Intervention de Jean-François Beynel

Réunion du jeudi 30 janvier 2020 à 15h00
Commission d'enquête sur les obstacles à l'indépendance du pouvoir judiciaire

Jean-François Beynel, chef de l'inspection générale de la justice :

En effet. Le directeur des services judiciaires serait en mesure de vous donner la statistique précise car toutes les déclarations d'intérêt qui lui sont remises sous pli cacheté. Si, au sein d'une cour d'appel, des déclarations n'étaient pas transmises, ou dans des proportions anormalement faibles, la direction des services judiciaires serait amenée à réagir. Quoi qu'il en soit, dans ma cour d'appel, tout le monde avait transmis sa déclaration en respectant le délai imparti, et je peux témoigner de l'efficacité du système, qui se mesure à plusieurs titres.
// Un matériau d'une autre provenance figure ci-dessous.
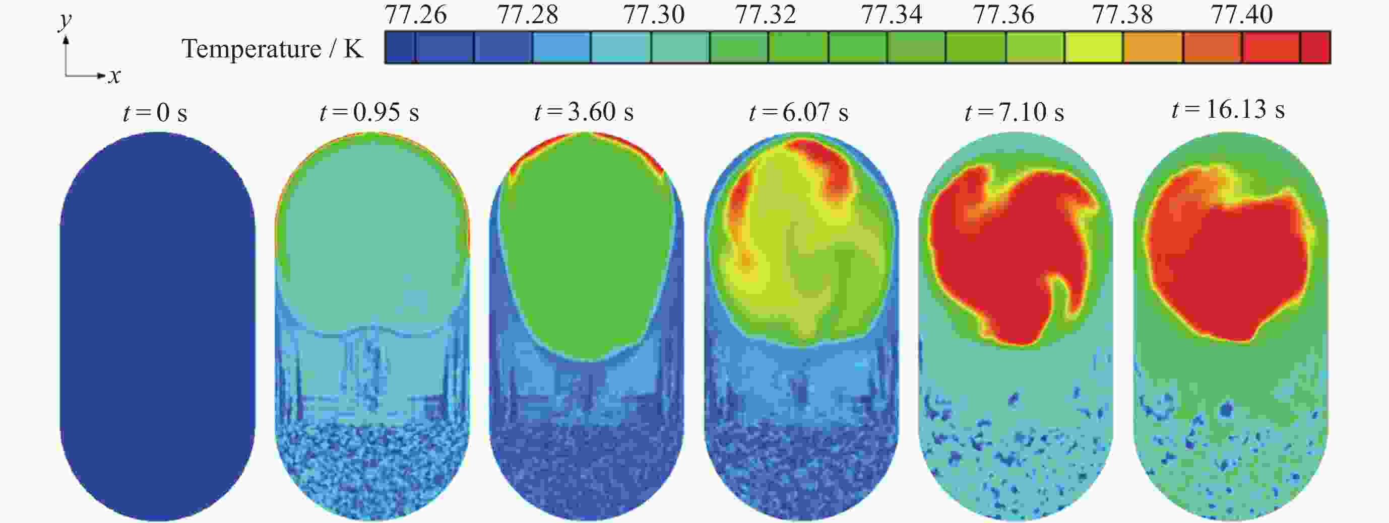 摘要: 为了研究残余重力加速度g对液氮贮箱自加压期间贮箱内流体的流动、相分布、温度分布以及压强分布的影响, 针对液氮贮箱, 采用流体体积(Volume-of-Fluid, VOF)方法数值模拟了不同g条件下液氮贮箱的自加压过程. 研究结果表明: 在大g情况下, 贮箱内压强沿g的方向逐渐增大, 贮箱内气枕的温度随贮箱壁面的持续漏热而不断升高, 且靠近壁面区域气体的温度最高, 靠近液体区域气体的温度最低; 随着g的减小, 贮箱内的液体更容易沿贮箱壁面爬升, 贮箱内流体温度差异性逐渐减小; 在小g情况下, 贮箱内流体流动稳定后会将气枕包裹于贮箱中部, 形成球形气泡, 贮箱内流体温度的差异性随时间先逐渐增大然后逐渐减小. 在零重力环境下, 贮箱壁面漏热(qw = 0.5 W·m–2)存在与否对贮箱内流体运动和相分布的影响均不显著, 并且在起始一段时间间隔$\Delta t_{\mathrm{f}} $ (0 ≤ $\Delta t_{\mathrm{f}} $ ≤ 40 s)内, 除贮箱壁面附近之外, qw存在与否对贮箱内流体温度分布的影响也不显著.Abstract: In order to study the effects of residual gravitational acceleration g on the flow, phase distribution, temperature distribution, and pressure distribution of liquid nitrogen tank during self-pressurization, the self-pressurization process of liquid nitrogen tank under different g was numerically simulated by the Volume-of-Fluid (VOF) method. The results show that under the condition of large g, the fluid pressure in the tank increases gradually along the direction of residual gravity, and the temperature of the ullage in the tank increases with the continuous heat leakage of the tank wall, and the gas temperature near the wall is the highest, and the gas temperature near the liquid is the lowest, while the temperature in the liquid bulk zone of the tank changes little with time. With the decrease of g, the liquid in the tank is more likely to climb along the wall of the tank with better infiltration, and the temperature difference of the fluid in the tank is gradually reduced. In the case of small g, after the fluid flow in the tank is stable, the ullage will be wrapped in the middle of the tank, forming a spherical bubble. The difference of the fluid temperature in the tank gradually increases and then decreases with time. In zero gravity environment, the presence or absence of heat leakage (qw = 0.5 W⋅m–2) on the tank wall has no significant influence on the fluid movement and phase distribution in the tank, and within the initial time interval $\Delta t_{\mathrm{f}} $ (0 ≤ $\Delta t_{\mathrm{f}} $ ≤ 40 s), the influence of the presence or absence of qw on the temperature distribution of the fluid in the tank also is not significant except near the wall of the tank. Numerical simulation results are expected to provide references to further study the on-orbit pressure control technique of cryogenic liquid tanks and space cryogenic fluid management.

Tous les magistrats ont fait une déclaration d'intérêts – moi le premier, auprès du premier président de la Cour de cassation. La loi et le texte réglementaire prévoient que la déclaration s'accompagne d'un entretien avec le premier président de la juridiction. J'ai conçu cet entretien comme une vraie discussion, en trois temps.

Le premier temps portait sur la nature de la déclaration d'intérêts, et comportait la lecture de l'article 7-1 de l'ordonnance portant loi organique, qui la définit. C'est un texte moderne et puissant, qui a retenu la définition la plus large du conflit d'intérêts : tous les comportements, dispositions et attitudes qui constituent en eux-mêmes un conflit d'intérêts ou qui sont susceptibles d'en paraître un aux yeux d'un observateur de bonne foi. Il s'agit donc non seulement des liens directs – par exemple si le juge est le conjoint de l'avocat qui plaide – mais aussi de comportements pouvant laisser paraître qu'il existe un conflit d'intérêts. Lors de l'entretien, mes collègues ont découvert la portée de cette notion très large.

La discussion ainsi engagée, je demandais à mon interlocuteur quelles difficultés particulières il pouvait rencontrer, pour examiner le moyen de les résoudre.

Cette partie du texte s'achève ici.